En resultados preliminares, observamos que la DM induce la apoptosis de las neuronas serotoninérgicas en el núcleo dorsal del rafe del tallo cerebral (datos no mostrados). Así, los presentes hallazgos permiten proponer que la diabetes mellitus puede influir profundamente en la biosíntesis de la 5-HT cerebral,3,4,9,16,21 a través de mecanismos dependientes de genes que codifican las proteínas enzimáticas y la apoptosis de las neuronas serotoninérgicas que, a su vez, son causados por el intenso estrés inducido por la diabetes mellitus, el cual puede influir en la biosíntesis de 5-HT cerebral.26,27 Alternativamente, otros mecanismos que también pudieran explicar la disminución de la expresión de las isoformas TPH1 y TPH2 en ratas diabéticas podrían ser la exposición de las enzimas a condiciones de oxidación,28 hiperglucemia,29 o disminución de las actividades de las proteína cinasas A y C,30,31 las cuales inducen cambios en la función catalítica de la TPH.
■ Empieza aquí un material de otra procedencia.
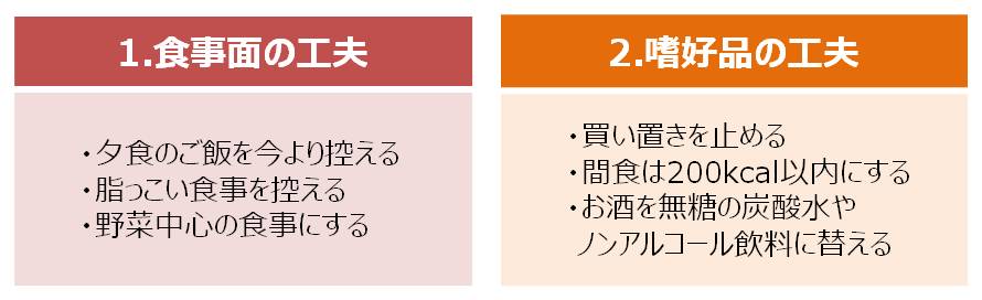 飲食面の調節は1回の取り組みでカットできるカロリーが大きいため、減量効果が高く、即効性も期待できます。
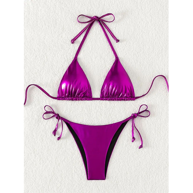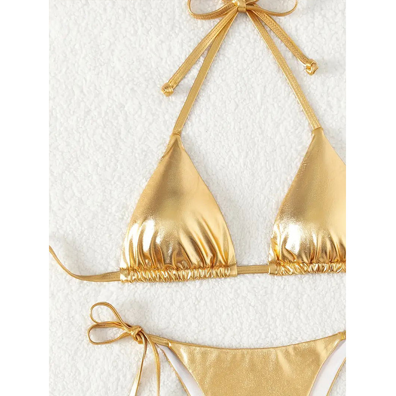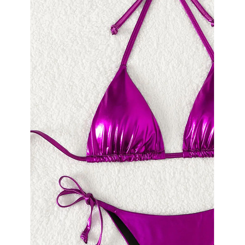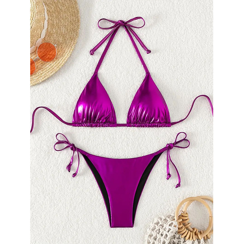 2024 새로운 패션 유럽과 미국의 특수 원단 섹시 교수형 목 레더 디자인 분할 여성 비키니 수영복
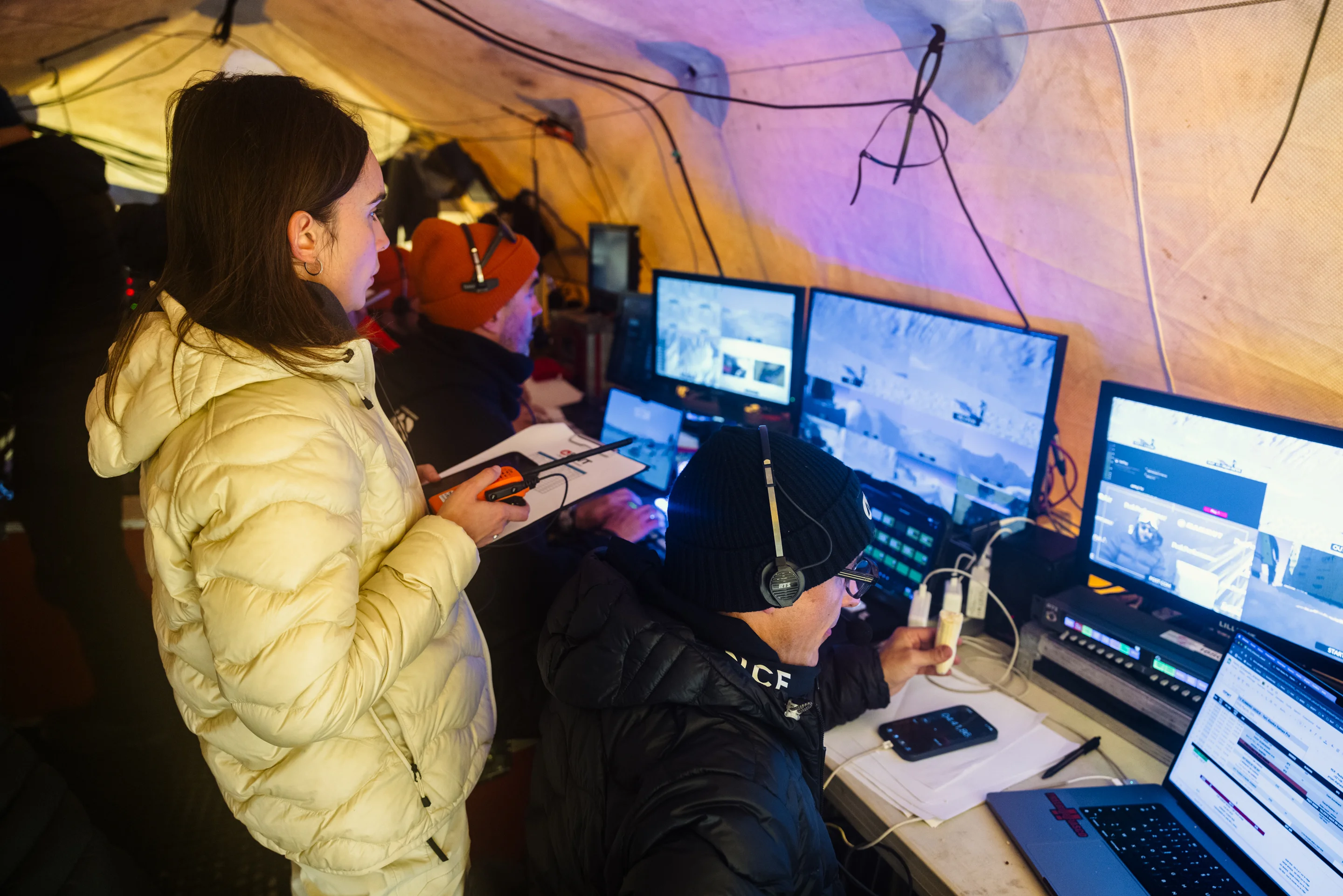 The TV production is also very dependent on the weather as delays can affect scheduling as well as equipment. “On race day, my first priority is to bring the people to the mountain safely,” says Vigneau. “Secondly, to turn on the whole broadcast setup. When it gets very cold, we don’t stop the power of the setup because we want to avoid fog and freezing within the cameras.
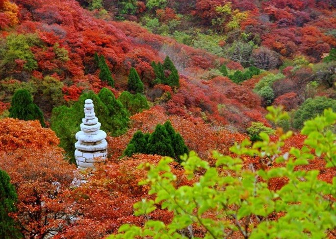 登上石門山東頂,極目西眺,屏翠迭嶂,逶迤跌宕。據(jù)說自清嘉慶年間,石門坊始見黃櫨,入民國后,黃櫨逐漸成林,布滿山巒。每當(dāng)深秋,霜打櫨葉,遍山紅透。間以蒼松翠柏與黃葉映襯,遠(yuǎn)遠(yuǎn)望去,如潑紅嵌黛,妍麗多姿。重陽前后月余間,游人絡(luò)繹不絕,爭賞紅葉,得以“三月十二開山祭,九月重陽看楓林”,領(lǐng)略“霜葉紅于二月花”的獨(dú)特景觀。近年來,每逢農(nóng)歷九月九日,版權(quán)所有山東聊城聊之旅國際旅行社有限公司,轉(zhuǎn)載必究!臨朐縣政府舉辦“紅葉節(jié)”。
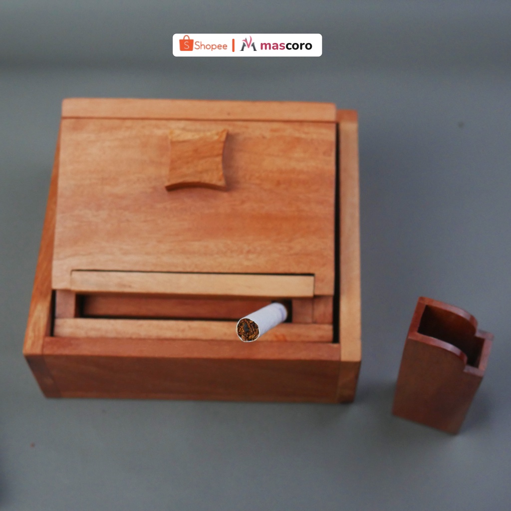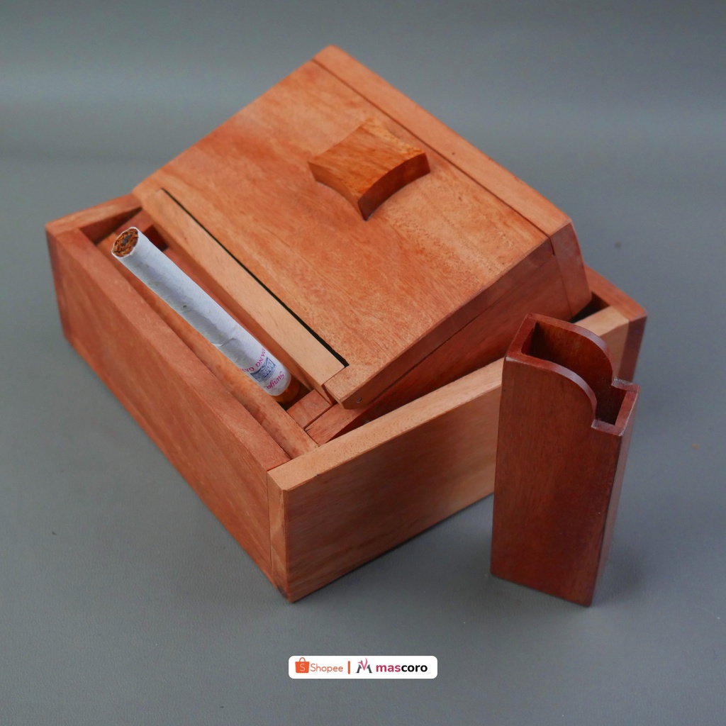 tempat rokok dan korek - kotak rokok keren dan unik dari kayu - box roko berdiri

En conclusión, las presentes observaciones permiten confirmar que la diabetes mellitus produce cambios importantes en la síntesis cerebral de 5-HT mediante modificaciones en la expresión de las isoformas TPH1 y TPH2 y la disminución de las neuronas serotoninérgicas. Dichos cambios no se normalizaron en las ratas con diabetes tratadas con insulina, lo cual sugiere que estas modificaciones, producidas por el intenso cambio metabólico y molecular provocado por la diabetes mellitus, estarían relacionadas en mayor medida con cambios epigenéticos en los genes de la triptófano-5-hidroxilasa.